It seems only fitting, in the last few hours of the year, to look back at my first full calendar year of blogging, and post a few reflections about the experience.
Best posts: I submitted my five favourites by request of The Corner and won't repeat the list again tonight. If I had to choose my favourite of these five, I think it would be God's "perfect will" and Romans 12, which best represents what I strive for in a theological post.
My best idea: The September moratorium on science fiction broadened my horizons a bit, and even though I didn't get through my entire planned reading list, I read some stuff I wouldn't have bothered with otherwise. Strictly speaking this was a personal reading idea, not a blogging idea, but the reason I decided do it in the first place was that I was tracking my reading habits on the blog and wouldn't have noticed otherwise. One thing blogging has done for me over the last year is help me to organize my thinking, somewhat.

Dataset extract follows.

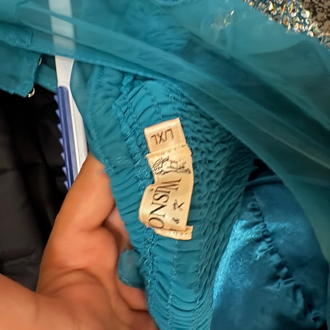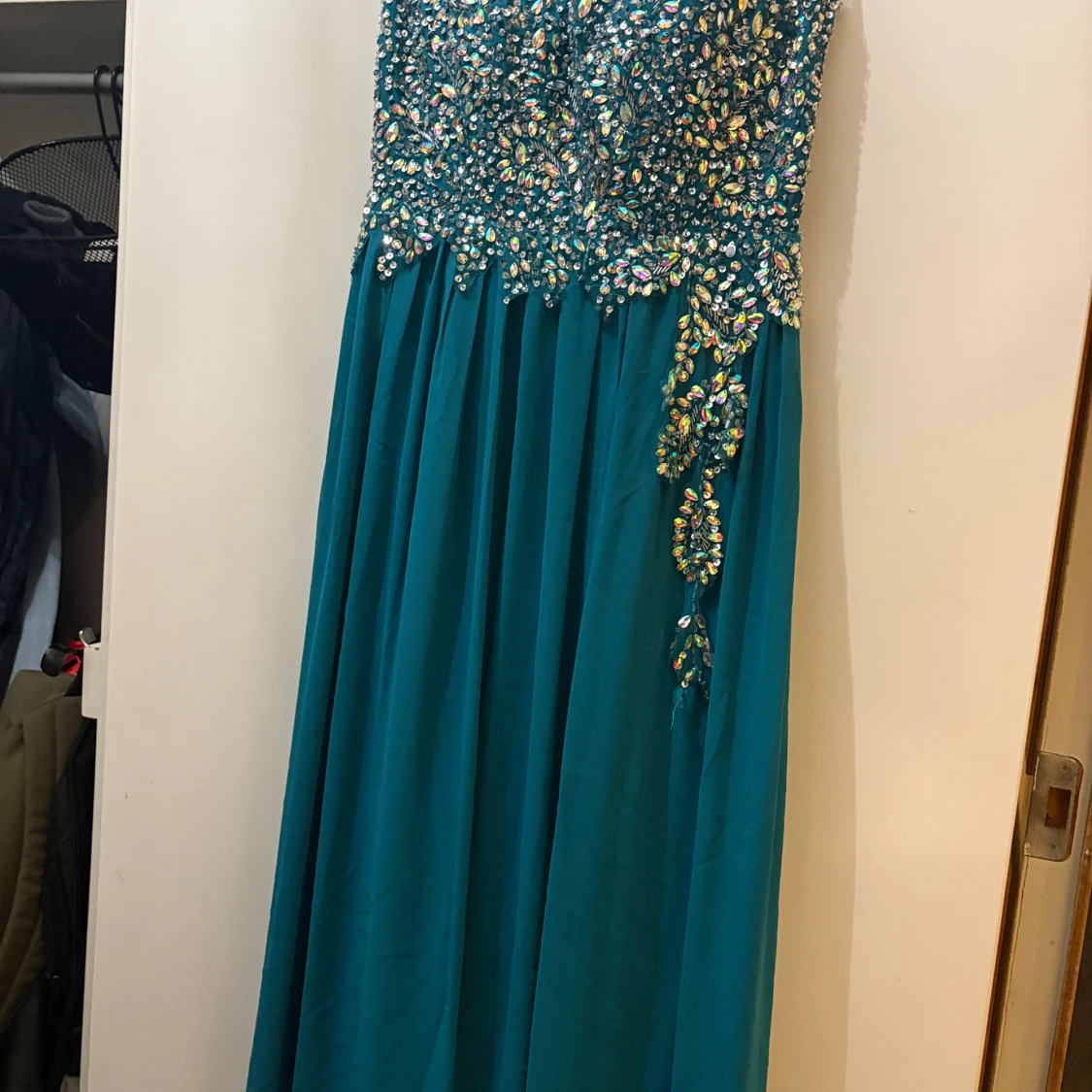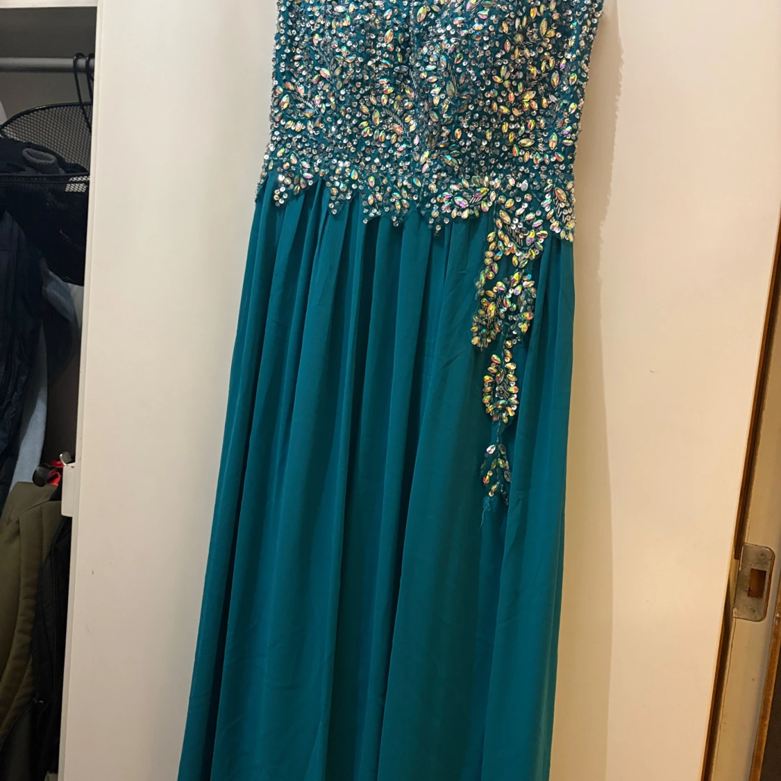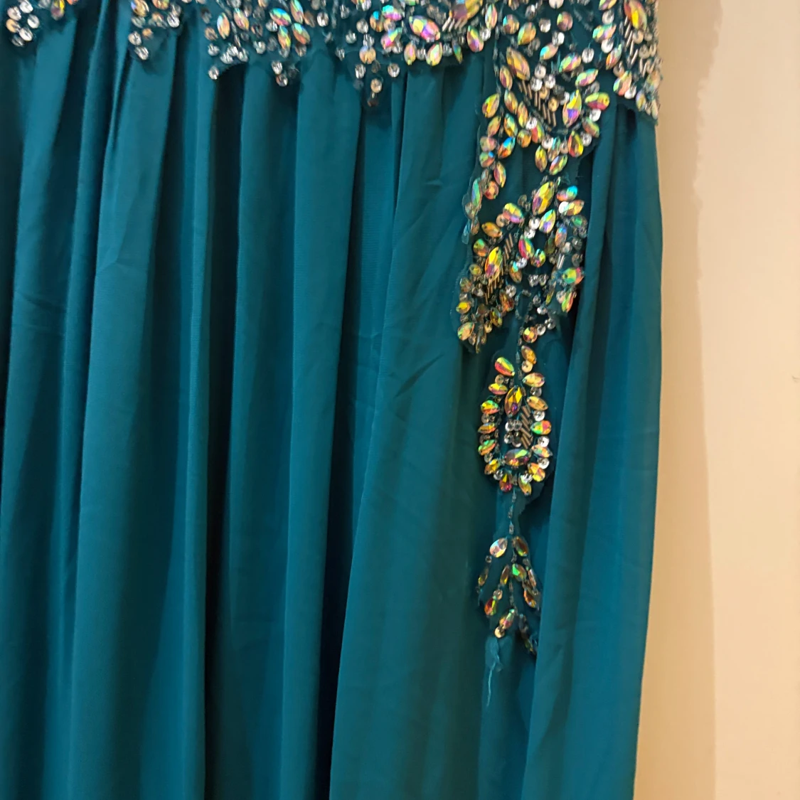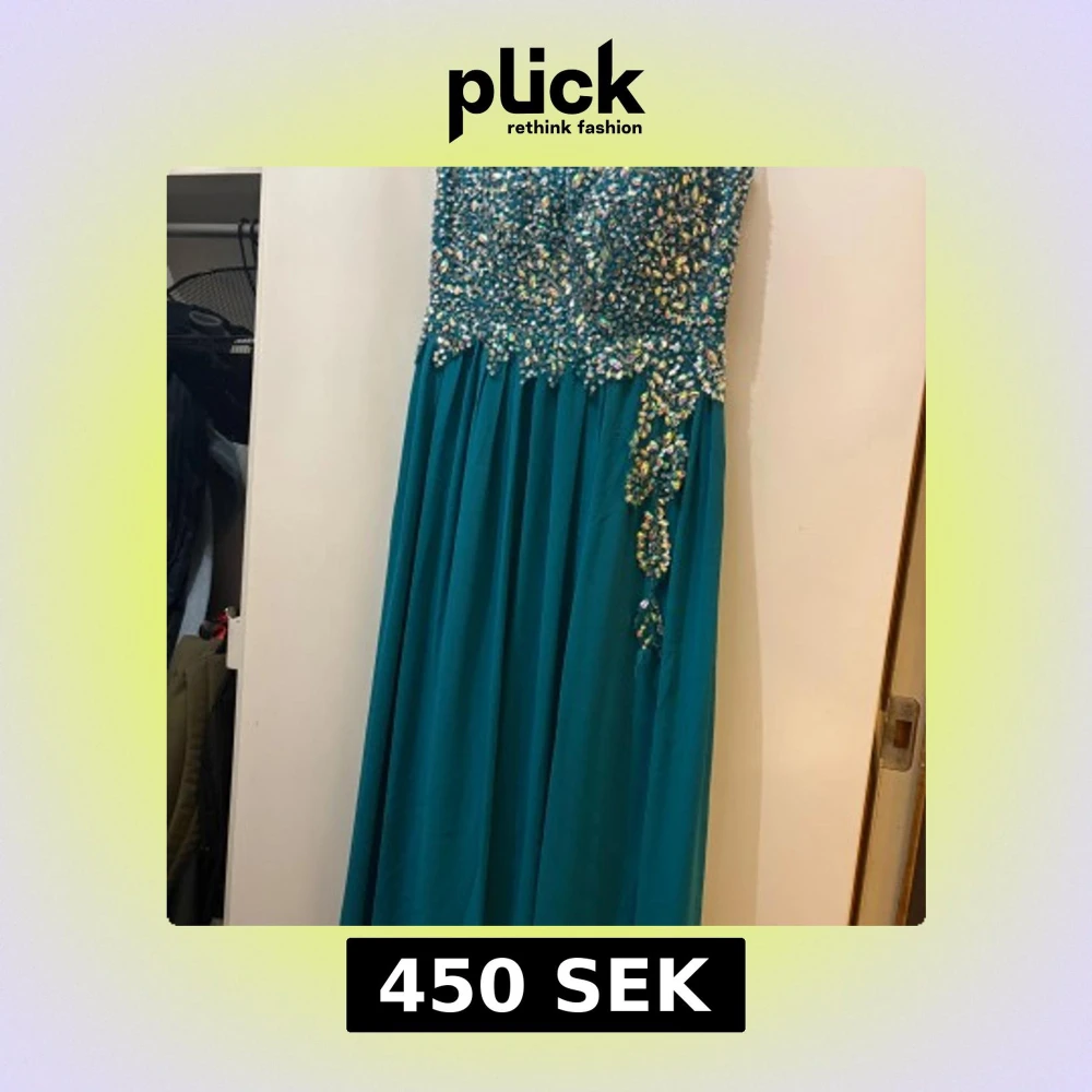 Säljer en magisk turkos långklänning från WNSN, täckt med glittriga paljetter upptill och på sidan. Klänningen har en flowy kjol och är axelbandslös, perfekt för bal eller fest. Materialet känns lätt och har ett lyxigt fall. Gör dig redo att glänsa!

From the another-flagstone-on-the-road-to-hell dept.: My best-intentioned idea that went nowhere was "Required Reading Month" in November. As it happened, the books on my list were perpetually checked out of the local library system and never available, with a single exception that wasn't the one I wanted to start with. So I never actually got around to reading any of them.

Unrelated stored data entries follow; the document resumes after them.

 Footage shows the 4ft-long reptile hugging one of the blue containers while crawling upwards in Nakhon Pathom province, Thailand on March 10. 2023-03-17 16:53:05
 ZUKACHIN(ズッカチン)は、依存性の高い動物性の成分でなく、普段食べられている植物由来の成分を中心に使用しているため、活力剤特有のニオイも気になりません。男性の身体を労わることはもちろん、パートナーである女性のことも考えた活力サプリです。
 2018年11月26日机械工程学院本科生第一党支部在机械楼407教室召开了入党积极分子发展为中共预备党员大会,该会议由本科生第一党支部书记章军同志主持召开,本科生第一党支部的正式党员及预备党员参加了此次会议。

Books read: Since I started keeping track at the beginning of June, I've read 44 books. My habits didn't change just because I started charting them, so it's a safe estimate that I completed about 75 books since January. My favourite of the lot was The Life of Pi by Yann Martel.

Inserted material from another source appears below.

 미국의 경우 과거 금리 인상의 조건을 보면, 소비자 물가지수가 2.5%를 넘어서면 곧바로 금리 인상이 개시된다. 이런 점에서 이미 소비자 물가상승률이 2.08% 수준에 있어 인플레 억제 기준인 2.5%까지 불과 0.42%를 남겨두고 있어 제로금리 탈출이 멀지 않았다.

I wrote 13 reviews, in varying lengths, of books this year.
Movies viewed: Again, since June, I have viewed 27 films, either at home or in the theatre. My favourite for the year was also the best movie from this year: The Village, M. Night Shyamalan's most recent.
Of those 27, I reviewed eight.
Out and around the blogosphere: Finally, so as not to toot my own horn endlessly, my favourite blog that I discovered for the first time in the last year is La Shawn Barber's Corner. Alphabetical order put her at the top of my blogroll, but over the last few months I've really begun to appreciate her insights, especially in those areas where our interests appear to cross.
My favourite "re-branding" effort is the one at Challies.com. Not that the old version was bad, but the new design is truly spectacular. Also, affirming the dictum that simplest is best, the new look at Coffeehouse at the End-Of-Days is very nice as well.
"Most improved blog" goes, without question, to James White, who finally ditched hand-coded HTML and all its attendant inconsistencies for actual blog software and a PHP backend. (And the content is top-shelf, with or without all the technical wizbangery.)
Summing up: I spent the last quarter of 2003 banging the Crusty Curmudgeon into shape and feeling out this blogging thing. In 2004, it actually became what I wanted it to be. If anything it has exceeded my expectations, as I suspect this blog has superseded my original Web site as the front end of my presence on the WWW. Finally, I close the year as the fifth most relevant site on Google for the search term "crusty." (I actually peaked at #2 just before Christmas!) I haven't lost interest in the blog yet, so on the whole it's been a very good year. Best of all, I'll be able to hit the ground running in 2005. My first post of the new year will detail some of my plans.